In June of 1971, documents called the "Pentagon Papers" were
leaked to the New York Times. The "Pentagon Papers" was a history
of U.S. decision making processes on Vietnam policy during the Kennedy and Johnson
administrations. Mitchell ordered Hoover to find out who leaked this top-secret
document. It came out quickly that Daniel Ellsberg, a former Defense Department
employee, had leaked the information, but it was not known if he did this on his own or
with accomplices.
Hoover gave it a low priority. When Nixon found out, he was furious
because he saw Ellsberg's action as part of a large conspiracy to undermine his policies.
Ellsberg's wealthy father-in-law was a friend of Hoover's and Hoover refused to
interrogate him. This was the last straw for Nixon: "I wanted someone to
light a fire under the FBI investigation of Ellsberg...If a conspiracy existed, I wanted
to know, and I wanted the full resources of the government brought to bear to find out.

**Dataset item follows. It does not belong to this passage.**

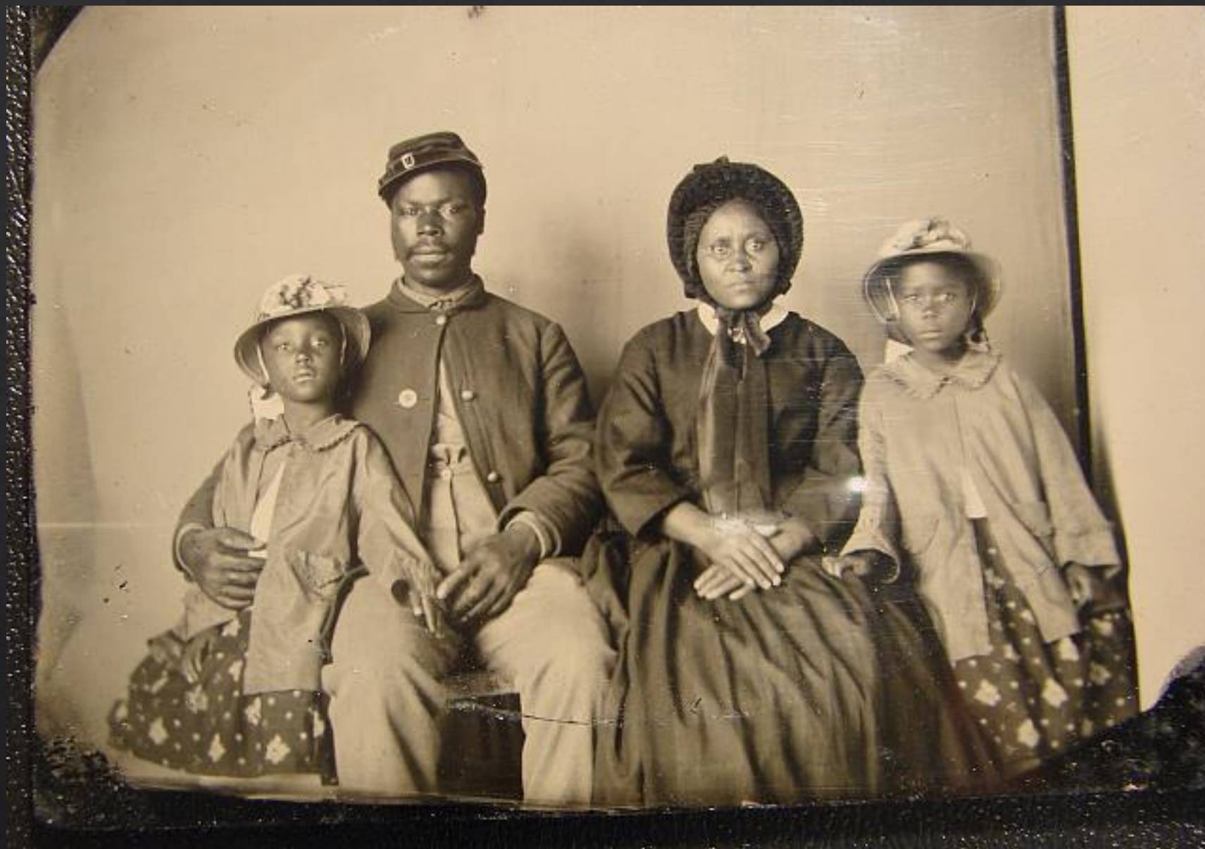
Unidentified family. AMB/TIN no. 5001

If the FBI was not going to pursue the case, then we would have to do it
ourselves."
In July, Nixon had Ehrlichman find a way to get things done outside the
FBI. Ehrlichman had Egil "Bud" Krogh put together a team which included
ex-FBI man G .Gordon Liddy and ex-CIA agent Howard Hunt to stop the leaks of secret
government information. Appropriately enough, the group to stop the leaks was called
"The White House Plumbers." Nixon later blamed Hoover for pushing him down
the path to Watergate.
The fall of 1971 was not a good time for Hoover. William Sullivan,
the dynamic leader who Hoover had been grooming as his successor, betrayed the director.
Among other activities that made Hoover doubt him, Sullivan wrote a long letter to
his boss: "....What I am trying to get across to you in my blunt, tactless way
is that a number of your decisions this year have not been good ones; that you
should take a good, cold, impartial inventory of your ideas, policies, etc. I do not
want to see your reputation built up over these many years destroyed by your own decisions
and actions...I do not want to see this FBI organization I have gladly given 30 years of
my life to....fall apart or become tainted in any manner..."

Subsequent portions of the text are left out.